Using electronic signatures may seem efficient, and convenient, but lawyers warn that their use must be balanced against the need to protect and treat electronic signatures as if they were a real signature.

The principal of Townsends Business & Corporate Lawyers, Peter Townsend, says the potential for fraudulent misuse is greater than the simple forging of a physical signature.

To illustrate, he points to a 2016 case (Williams Group v Crocker) where a director’s electronic signature placed on a guarantee without his knowledge led to court action by a company seeking recovery of a debt from the director personally.

Crocker was one of three directors of a company that supplied building modules. His company, IDH Modular, filled in and completed a credit application to Williams Group Australia, which provided building materials to IDH.

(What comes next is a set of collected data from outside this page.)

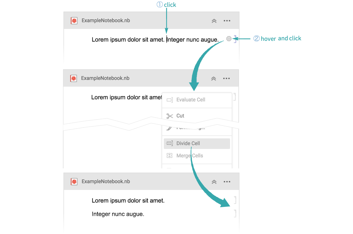 To divide a cell, click where you want to divide, hover near the cell bracket, click the cell menu icon, and choose Divide Cell:
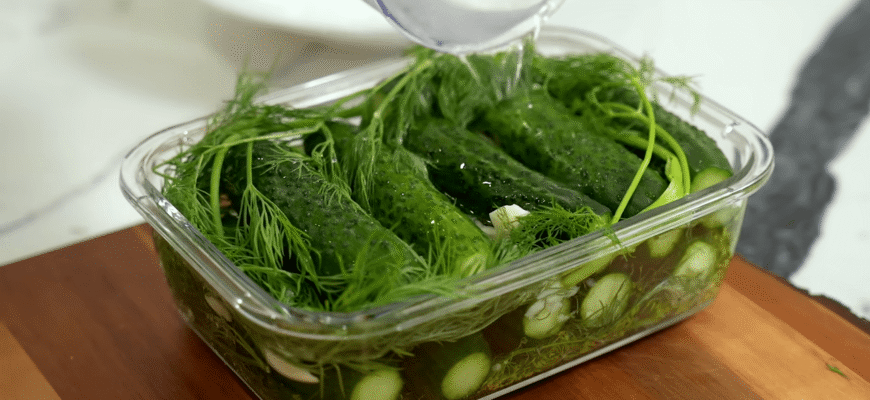Спершу огірки треба ретельно помити. Якщо вони здаються вам трохи вʼялими і не сильно пружними, то замочіть їх у холодній воді на годину. Тим часом на 1 літр чистої води (краще брати ледь теплу або кімнатної температури) потрібно взяти 2 столові ложки солі та 1 чайну ложку цукру для балансу смаку. У пакет або контейнер покладіть кілька зубчиків розчавленого часнику та трошки кропу за бажанням.
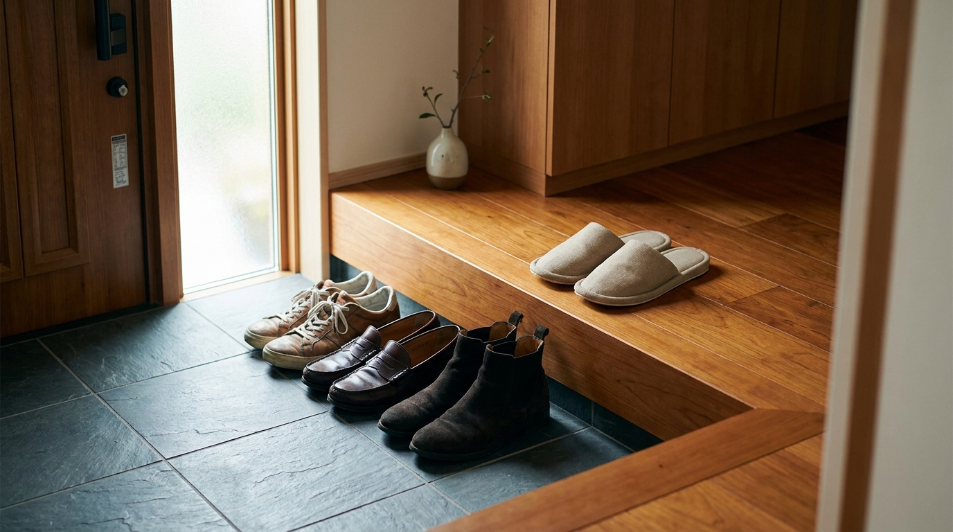 - Placing shoes on the upper floor. Shoes belong in the tataki (lower entry area) or in the shoe cabinet. Never carry them up onto the indoor floor.
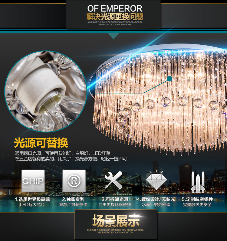 新款圆形吸顶灯水晶灯LED客厅灯卧室灯厂家一件混批特价促销5510
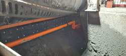 A 1400 mm wide belt conveyor which carries high-temperature clinker and limestone, was using skirtboard seals fabricated in-house from a variety of materials on hand, including high-strength steel belt carcass and strips of rubber. The system was experiencing serious dust and spillage issues, as well as belt damage from the non-standard sealing components.
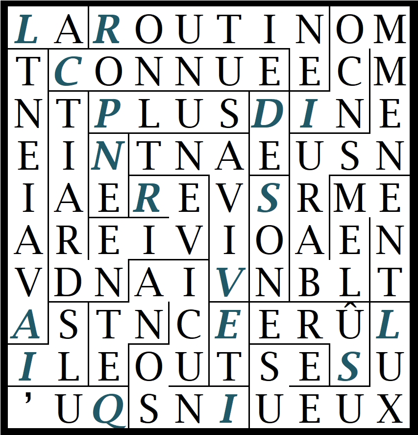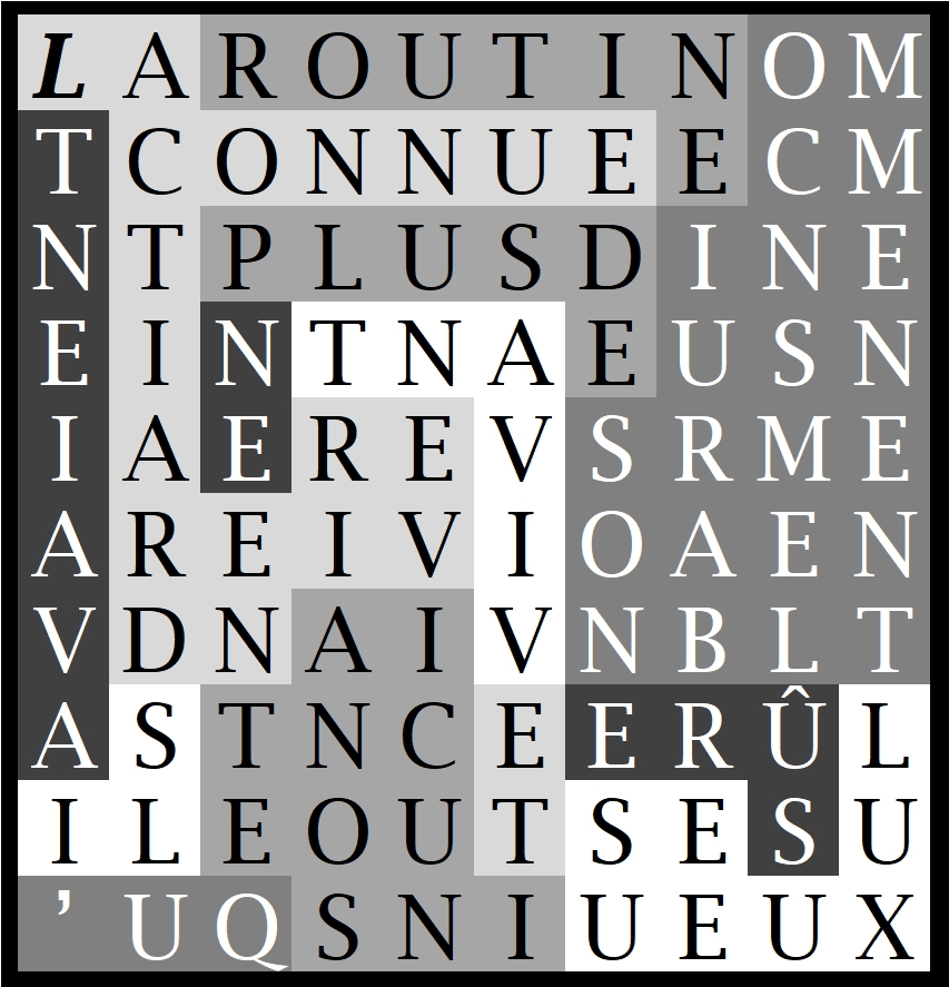 A partir de demain il n’y aura plus qu’une seule proposition de grille (niveau variable) et ce, à l’occasion d’un concours dont le prix sera, pour la ou le gagnant(e), la nouvelle mouture du roman de Claudia Patuzzi « La rive interdite »
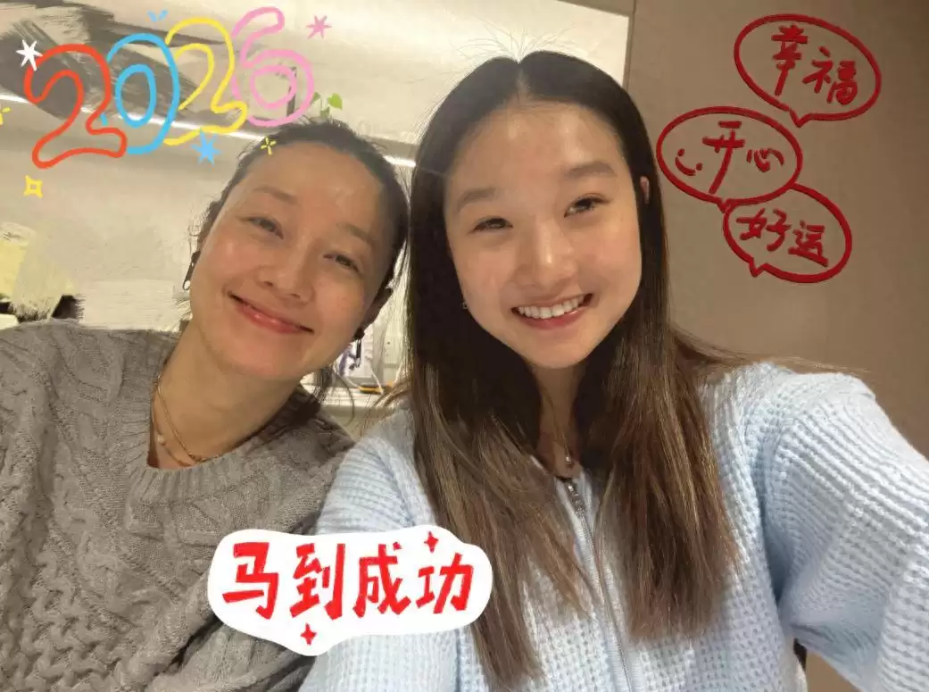 马伊琍新年晒全家福,素颜与女儿合照温馨戴耳环抢镜

“The credit application contained the electronic signatures of all three directors of the company, and was also accompanied by a guarantee that contained the same three electronic signatures,” Townsend says. “The electronic signatures were applied to the documents via an online system where users receive login details and are able to upload their electronic signatures in order to apply it to documents.”

He says that during all relevant times, Crocker did not change his initial password that was given to him, so anyone who knew or had access to his original login details could have accessed and affixed an electronic signature on any document on behalf of him. “It was not until the company went into liquidation, and Williams Group sought recovery of money owed to it, that Crocker became aware that his electronic signature had been applied on the credit application and guarantee.”

The Supreme Court held that Crocker was not liable under the guarantee as his electronic signature was placed on the documents without his knowledge and authority.

Townsend says that on appeal, Williams Group accepted that there was no actual authority given by Crocker to another person in the company to affix his signature to the document. “However Williams Group argued that person had ‘ostensible authority’.” (He explains this as Crocker maintaining that whoever placed his electronic signatures on the documents and forwarded them to Williams Group would likely have been authorised by him to do so.)

But Graham Roberts at Cooper Grace Ward says that Crocker had not given actual authority to any person to affix his electronic signature. “The evidence established that when Crocker’s electronic signature was required, he would apply it himself,” Roberts says. “The mere failure of Crocker to change his login credentials did not lead to a conclusion that he had authorised any person to apply his signature using those credentials.”

Townsend adds: “The judges on appeal held that the failure of Crocker to change his password in relation to the online system, and his use of that system on a number of other occasions, did not amount to authorisation of another person to use his electronic signature to bind him to the obligations under the credit application and guarantee.”

“The use of electronic signatures may seem to offer an efficient and convenient way to have documents or agreements signed and returned to another party. However the desire for expediency must be balanced against the need to protect and treat electronic signatures as if they were your real signature,” Townsend says.

He notes that practitioners should also be aware that in NSW it is not permitted to witness a document by electronic signature.